Basic Feature Flag Birth
- Added some boolean (or other type) toggle value + conditional logic based on this value.
- Make the toggle value configurable and dynamic in order to change the behavior of the system without changing the code.
- Prepare for release, make manual testing on Pre-Production environment and test both code paths.
- Canary releasing
- A/B testing
- Release
Categorization
Feature Flags can be used in various ways in various contexts. It can be tempting to lump all feature toggles into the same bucket, but this is a dangerous path. The design forces at play for different categories of toggles are quite different and managing them all in the same way can lead to pain down the road.
Feature toggles can be categorized across two major dimensions:
- How long the feature toggle will live.
- How dynamic the toggling decision must be.
Release Toggles
Abilities:
- Used to enable trunk-based development for teams practicing Continuous Delivery.
- Allow incomplete and un-tested codepaths to be shipped to production as latent code which may never be turned on.
- Allow product-managers to not show a partly or fully ready feature to end users (for many reasons).
Characteristics:
- Lives form Days to Weeks - generally not stick around much longer than a week or two (although product-centric toggles may need to remain in place for a longer period).
- Changes with deployment - every toggling decision for a given release version will be the same, and changing that toggling decision by rolling out a new release with a toggle configuration change is usually perfectly acceptable.
Experiment Toggles
Abilities:
- Used to perform Multivariate or A/B testing - each user of the system is placed into a cohort and at runtime the Toggle Router will consistently send a given user down one codepath or the other, based upon which cohort they are in.
Characteristics:
- Lives from Weeks to Months - needs to remain in place with the same configuration long enough to generate statistically significant results. (Longer is unlikely to be useful, as other changes to the system risk invalidating the results of the experiment).
- Changes with each request, highly dynamic - each incoming request is likely on behalf of a different user and thus might be routed differently than the last.
Ops Toggles
Abilities:
- Used to control operational aspects of our system's behavior - we might introduce an Ops Toggle when rolling out a new feature which has unclear performance implications so that system operators can disable or degrade that feature quickly in production if needed.
Characteristics:
- Lives from Moths to Years - Most Ops Toggles will be relatively short-lived - once confidence is gained in the operational aspects of a new feature the flag should be retired. However it's not uncommon for systems to have a small number of long-lived "Kill Switches" which allow operators of production environments to gracefully degrade non-vital system functionality when the system is enduring unusually high load.

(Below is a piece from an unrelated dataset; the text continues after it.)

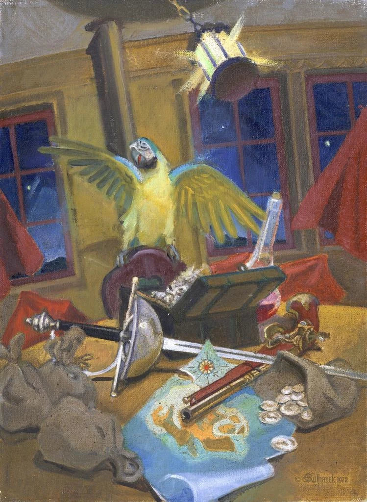 „Der Beute der Boucaniers“ ist ein Werk, das den Betrachter in die turbulente Welt der Piraten eintauchen lässt. James C. Kulhanek, mit seiner Fähigkeit, Bewegung und Aktion einzufangen, versetzt uns auf die unruhigen Gewässer, wo das Licht auf den Wellen und den Gesichtern der Figuren spielt. Die Farbpalette, die zwischen dunklen Tönen und leuchtenden Akzenten schwankt, verstärkt das Drama der Szene. Jedes Detail, von den Segeln bis zu den Gesichtsausdrücken der Boucaniers, ist sorgfältig wiedergegeben und schafft eine Atmosphäre, die sowohl spannend als auch immersiv ist, als ob man Zeuge einer wahren Epoche wird.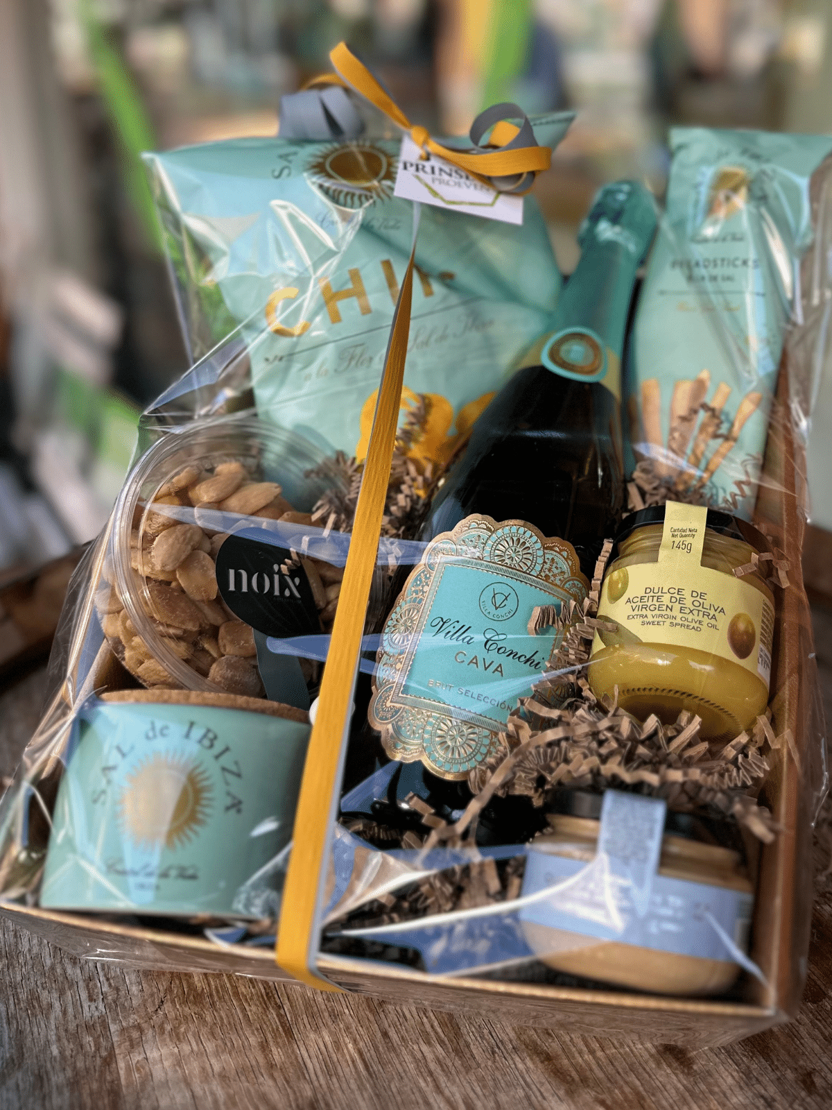 De elegante Cava Villa Conchi vormt het bruisende middelpunt van dit pakket. Deze Spaanse mousserende wijn past perfect bij de delicatessen van Sal de Ibiza: knapperige chips, ambachtelijke breadsticks en het kenmerkende zeezout in keramiek. De smaakmakers – zoals de citroen-olijvenspread, blauwekaas-paté met truffel en vers gebrande amandelen van NOIX – zorgen voor een heerlijk zomerse borrelervaring.

- Chanes with runtime re-configuration - Since the purpose of these flags is to allow operators to quickly react to production issues they need to be re-configured extremely quickly - needing to roll out a new release in order to flip an Ops Toggle is unlikely to make an Operations person happy.
Permissioning Toggles
Abilities:
- Used to change the features or product experience that certain users receive. - Turning on new features for a set of internal users [is a] Champagne Brunch - an early opportunity to drink your own champagne.
- A Champagne Brunch is similar in many ways to a Canary Release. The distinction between the two is that a Canary Released feature is exposed to a randomly selected cohort of users while a Champagne Brunch feature is exposed to a specific set of users.
Characteristics:
- Lives from Years - When used as a way to manage a feature which is only exposed to premium users a Permissioning Toggle may be very-long lived compared to other categories of Feature Toggles - at the scale of multiple years.
- Changes with each request - Since permissions are user-specific the toggling decision for a Permissioning Toggle will always be per-request, making this a very dynamic toggle.
Managing different categories of toggles
Static vs Dynamic:
- Toggles which are making runtime routing decisions necessarily need more sophisticated Toggle Routers, along with more complex configuration for those routers.
- For simple static routing decisions a toggle configuration can be a simple On or Off for each feature with a toggle router which is just responsible for relaying that static on/off state to the Toggle Point.
Transient vs Long Lived:
- If we're adding a Release Toggle which will be removed in a few days time then we can probably get away with a Toggle Point which does a simple if/else check on a Toggle Router.
- However if we're creating a new Permissioning Toggle with Toggle Points which we expect to stick around for a very long time then we certainly don't want to implement those Toggle Points by sprinkling if/else checks around indiscriminately. We'll need to use more maintainable implementation techniques.
Implementation Techniques
Toggles Configuration
Dynamic routing vs dynamic configuration
It's important to note that there are two ways in which a flag's decisions might change at runtime. Firstly, something like a Ops Toggle might be dynamically re-configured from On to Off in response to a system outage. Secondly, some categories of toggles such as Permissioning Toggles and Experiment Toggles make a dynamic routing decision for each request based on some request context such as which user is making the request. The former is dynamic via re-configuration, while the later is inherently dynamic. These inherently dynamic toggles may make highly dynamic decisions but still have a configuration which is quite static, perhaps only changeable via re-deployment.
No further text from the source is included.